BRIEF >>
Please give back the listing below word for word and drop any images.

DATA SECTION >>
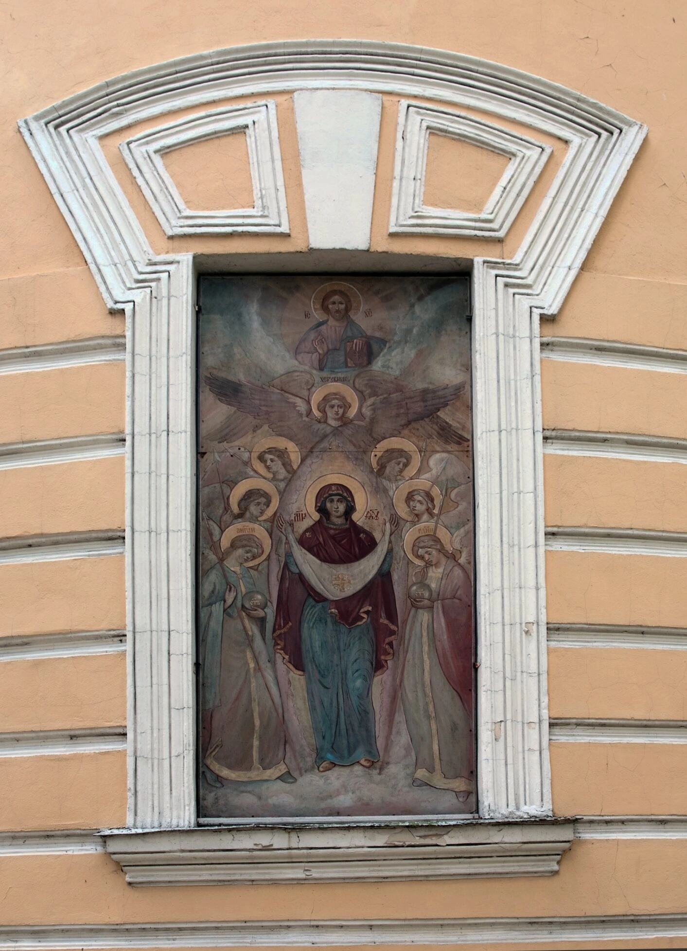 На представленной фотографии запечатлена настенная роспись, размещённая в арочной нише на внешнем фасаде Церкви Покрова Пресвятой Богородицы, что в селе Воскресенское Московской области. Данное священное изображение, выполненное в технике фрески или являющееся внешней иконой, помещено в специально предназначенное углубление (киот) для защиты от непогоды и для молитвенного поклонения верующих перед входом в храм.
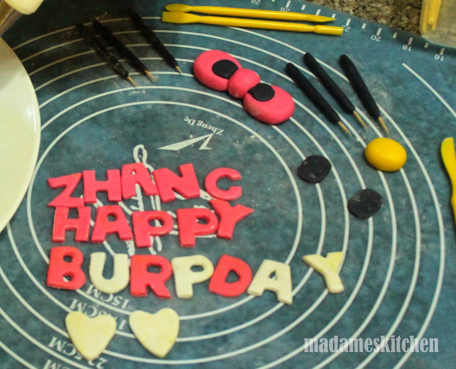 2. make the ears, bow, nose, whiskers and other accents to go with your cake using fondant
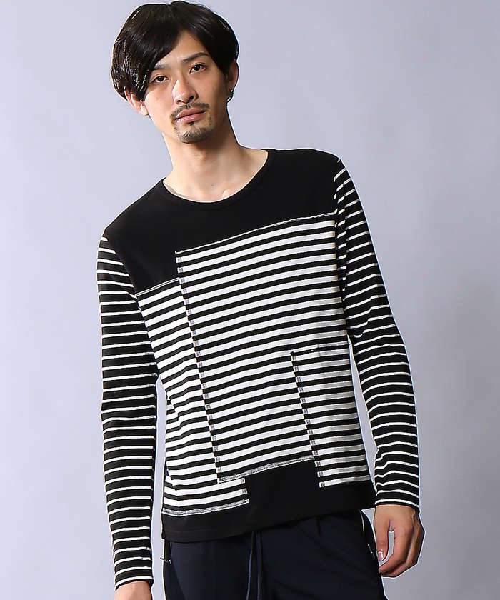 シーズンテーマの“MONTAGE”をインスピレーションに、2パターンのボーダー柄と無地を組み合わせたデザインTシャツです。

EXERCISE RESPONSE >>
 На представленной фотографии запечатлена настенная роспись, размещённая в арочной нише на внешнем фасаде Церкви Покрова Пресвятой Богородицы, что в селе Воскресенское Московской области. Данное священное изображение, выполненное в технике фрески или являющееся внешней иконой, помещено в специально предназначенное углубление (киот) для защиты от непогоды и для молитвенного поклонения верующих перед входом в храм.
 2. make the ears, bow, nose, whiskers and other accents to go with your cake using fondant
 シーズンテーマの“MONTAGE”をインスピレーションに、2パターンのボーダー柄と無地を組み合わせたデザインTシャツです。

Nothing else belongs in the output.